Longer term, Federal expenditures will inexorably rise as the social programs for the elderly absorb 10,000 retiring Baby Boomers a day.
Here's the problem with bubbles: they pop, despite the best efforts of the fiscal and monetary authorities to keep them inflating forever. And when bubbles pop, assets decline in value. Borrowing, spending and tax revenues all decline.
Near-zero interest rates have problems, too: One, they stripmine pension funds and savers seeking save yields on cash, forcing everyone into risk asset bubbles, where those seeking higher yields are crushed when the bubbles pop, and two, nothing stays low or high forever. Piling up debt at near-zero rates is affordable fun, but when rates rise, the costs of servicing the debt pile skyrocket.
At that point, a feedback loop is set in motion that will bring down the entire system: investors will see fiscal authorities struggling to fund their social programs and pay rapidly rising interest on the vast mountain of government debt, and start wondering if the government will be able to meet its rapidly rising commitments with stagnant tax revenues.

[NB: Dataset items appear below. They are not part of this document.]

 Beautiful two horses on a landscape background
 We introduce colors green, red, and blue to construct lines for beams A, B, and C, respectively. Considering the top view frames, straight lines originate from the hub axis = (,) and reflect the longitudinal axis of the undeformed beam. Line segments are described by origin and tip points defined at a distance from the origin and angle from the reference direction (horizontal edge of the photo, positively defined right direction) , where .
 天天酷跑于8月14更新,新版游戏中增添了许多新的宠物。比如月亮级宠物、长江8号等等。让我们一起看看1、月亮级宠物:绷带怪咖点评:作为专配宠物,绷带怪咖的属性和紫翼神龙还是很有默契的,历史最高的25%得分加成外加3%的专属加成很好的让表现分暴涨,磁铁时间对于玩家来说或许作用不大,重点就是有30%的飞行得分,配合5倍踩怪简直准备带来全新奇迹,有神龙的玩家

The prudent investor, money manager and pension fund manager will demand a higher risk premium to reflect the possibility that the bond will be repaid with depreciated currency.

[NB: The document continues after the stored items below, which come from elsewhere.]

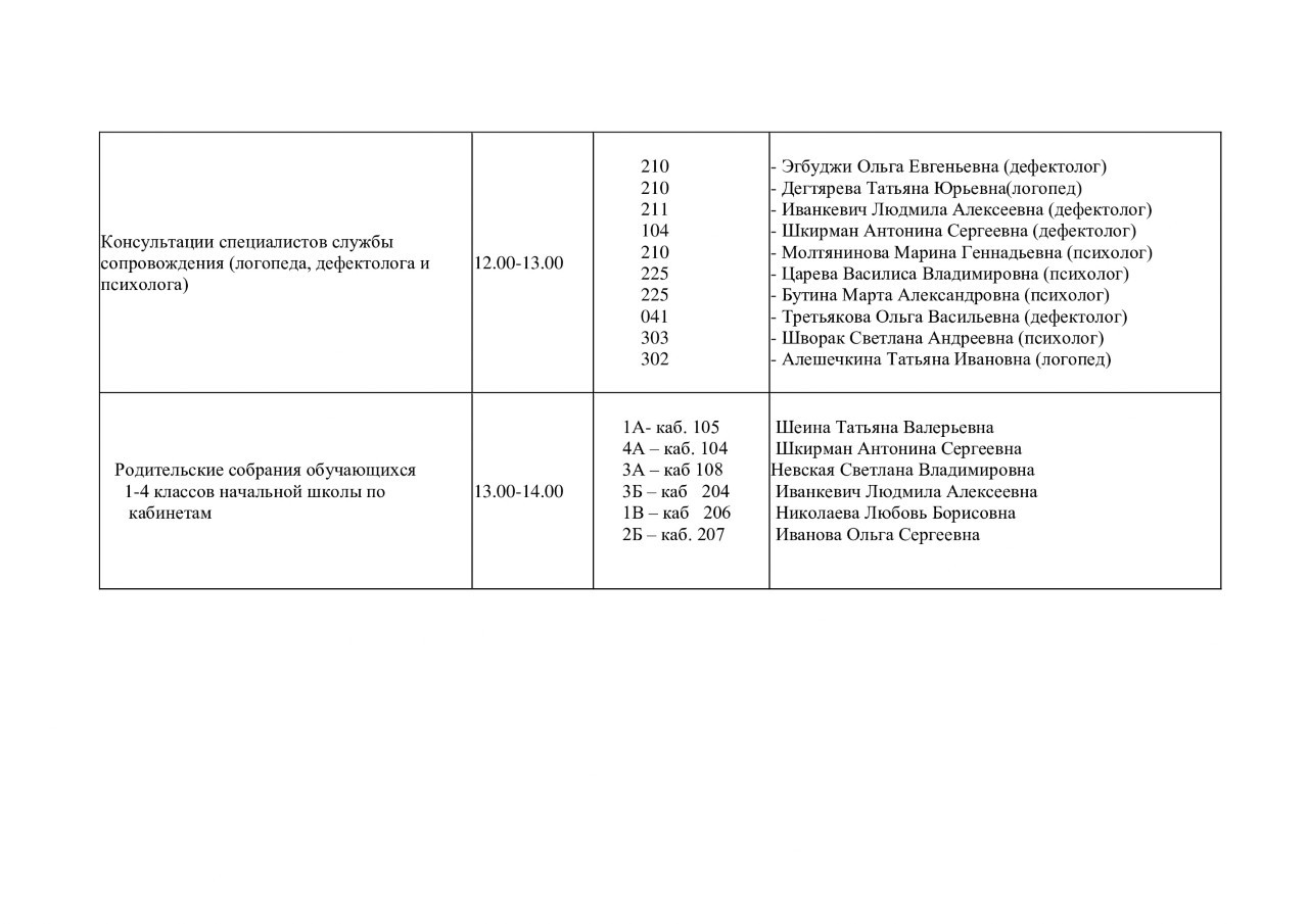 - Индивидуальные консультации службы сопровождения (психологи, логопеды) с 10:00
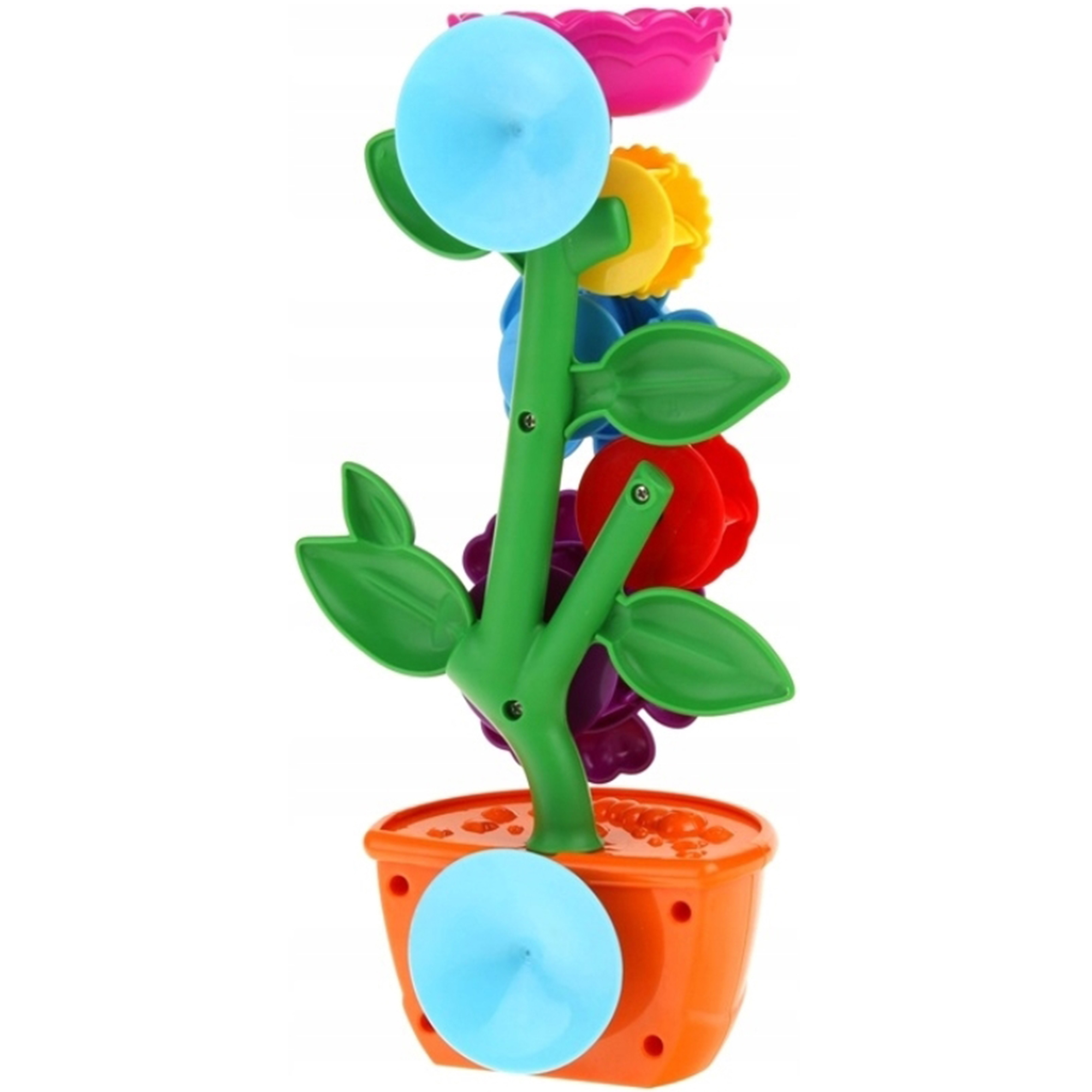 Це іграшка для кожного малюка, який любить плескатися у ванні, а також для малюка, який не любить купатися. Завдяки цьому кожне купання буде приносити задоволення, а не клопіт. Різнобарвна квітка поміщена в горщик. Наливаючи її зверху, вода стікає вниз, змушуючи квіти, що знаходяться внизу, обертатися навколо власної осі - для цього можна використовувати лійку, що входить в комплект. Ззаду набір має присоски, завдяки яким ми легко прикріпимо іграшку до плитки у ванній кімнаті на ванні, душовому піддоні чи іншому зручному для малюка місці.
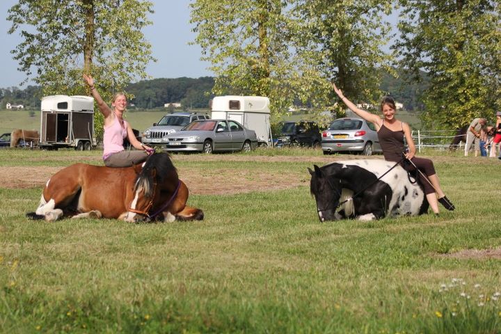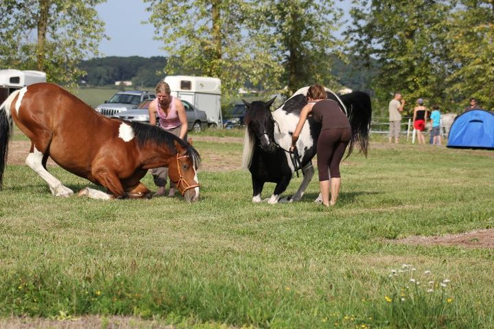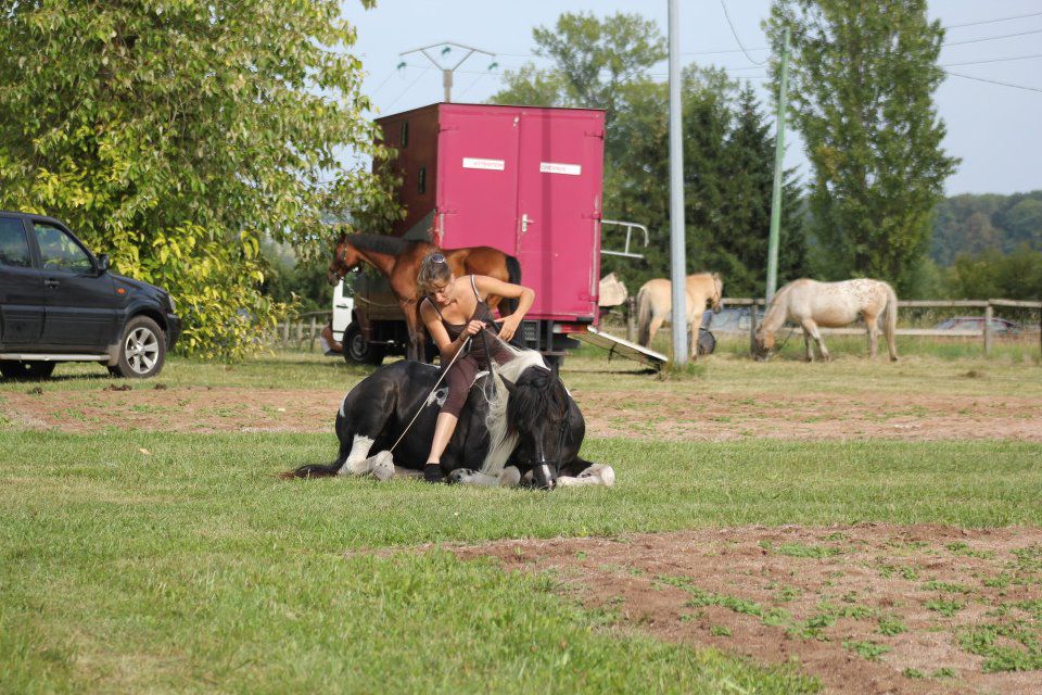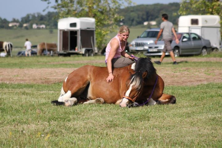 | Dire merci | Une autre fois on se fait un truc enxemble mammouthe! mais je vais etre trop jalouse de ton gros j'en veux trop un comme ça mdr on n'est pas très très loin l'une de l'autre, faut se programme des choses ![]() Bon ce matin séance de reprise du travail avec Savane, pas trop mal, par contre elle a complètement zappé les déplacements latéraux montés sans rien, donc on a repris. Et... première chute avec ma Savane! On était en train de trotter en licol + rènes, et elle a fait un mini écart à cause de je ne sais quoi, et comme la terre glisse bcp par ici... on est tombées toutes les 2. J'ai tout vu au ralenti, j'ai prié pour ne pas qu'ellelne me tombe dessus mais dans ces cas là tu ne peux que prier car tu ne maitrises rien. J'ai été éjectée, je crois que c'est juste mon pied qui a pris, peut etre est il resté en dessous je ne m'en suis pas rendue compte mais j'ai un peu mal. Mais je n'ai rien du tout ouf! et Savane non plus. |

That will drive up the interest rate on all future borrowing, which will further stress government obligations which will increase the risk of default or depreciation of the currency, and so on.
The only way to stop this feedback from starting is for the central bank to buy essentially all the bonds sold by the government. This is the path that Japan and the U.S. have taken; both the Bank of Japan and the Federal Reserve are buying government bonds, essentially removing them from the tidal forces of the market with instantly created money.

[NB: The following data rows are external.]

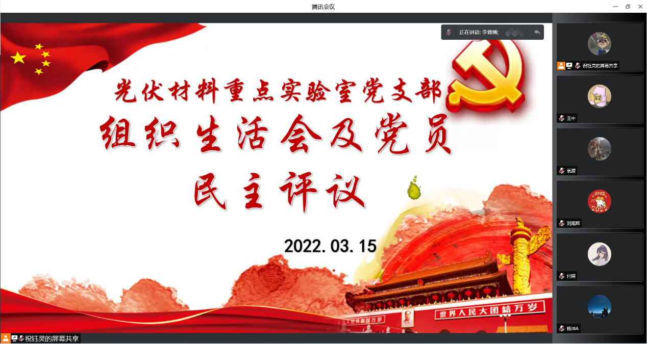 2022315日,宁夏光伏材料重点实验室党支部基于腾讯会议平台在线上召开组织生活会。全体师生党员、积极分子及发展对象共58人参会,会议由党支部组织委员马薇同志主持。
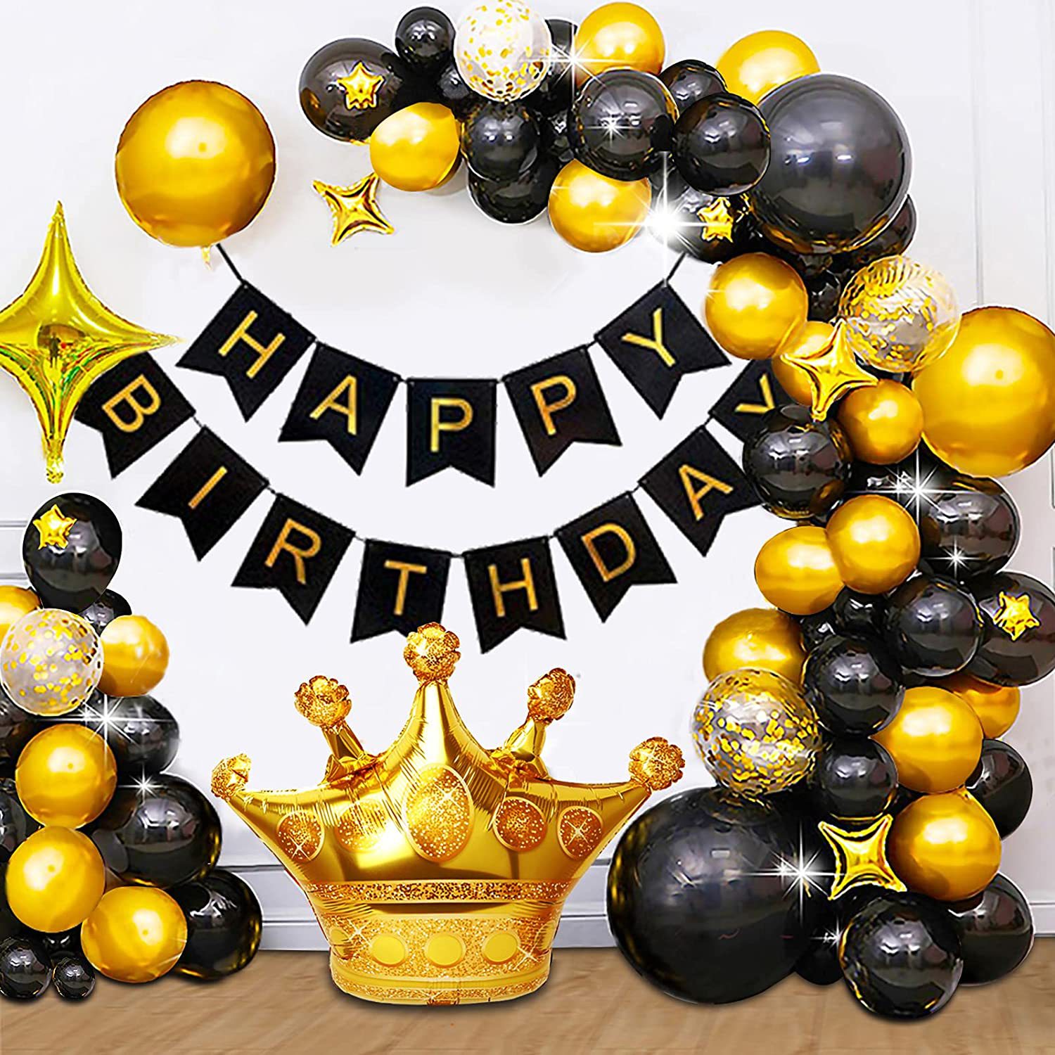 3 pieces of 5-inch pentagonal stars,12-inch black latex, 29 pieces; golden latex, 21 pieces; 12-inch golden sequins, 5 pieces.Dot adhesive 1 sheet, ribbon 1 piece
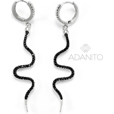 Stříbrné náušnice kroužky jsou vyrobené z rhodiovaného stříbra a jsou zdobené čirými zirkony a přívěskem ve tvaru hada s černými zirkony. Šířka náušnice je 2 mm. Vnější průměr...
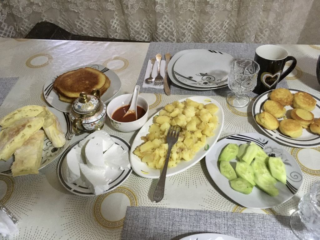 Wir hatten immer noch Schlafbedürfnis und verbrachten eine lange, herrlich erfrischende Nacht und genossen am Morgen das Frühstück der Familie, das „Hungerprobleme in Afrika lösen könnte“, weil es so reichhaltig ist. Das, was man an Köstlichkeiten vom eigenen Hof (hausgemachte Butter, frische Milch und eigener Käse) nicht schafft, „muss“ man in Brotbeutel als Wegzehrung einpacken. Wahnsinn! Und da saßen wir dann 11km Luftlinie von Russland entfernt in der Sonne, guckten auf schneebedeckte Berge und Wehrtürme und da fiel uns ein: unser Plan war ja eigentlich nicht die russische, sondern die türkische Grenze! Aber so ist das mit uns und den Plänen. Unser Ausflug in die Berge war Seelenbalsam pur!

Are there any limits on the balance sheets of the central banks? Why not transfer $100 trillion to the balance sheet of the Fed? Indeed, this path appears absolutely painless to all involved, and that's why Japan and the U.S. have pursued this strategy with such gusto.
Whatever painlessly masks the dysfunction and corruption of the Status Quo will be the policy of choice. And right now, that policy is transferring government bonds to the central banks so the fiscal authorities can continue to borrow and blow trillions of dollars rather than restructure their broken financial systems and economies.
The problem with neutering the market to mask systemic dysfunction is that the return on the policy diminishes at the same time that risk is transferred to the entire system. Risk cannot be disappeared, it can only be transferred or hedged. Burying immense debts in the balance sheets of central banks doesn't make risks disappear, it simply transfers the risk to the entire system.
And when you do that, you get a chart like this:
Anyone who is paying attention to the peculiar gyrations and dislocations in the Japanese bond and currency markets has to wonder if Japan has finally succeeded in entering Phase III, when official credibility and the illusion of central control both crumble.
The beauty of bonds and bubbles is fleeting. The fiscal and monetary authorities are claiming the beauty of bonds and bubbles is ageless, thanks to their magic; but no amount of false data and trickery can possibly eliminate the systemic risk piling up behind the rickety facade of illusory control.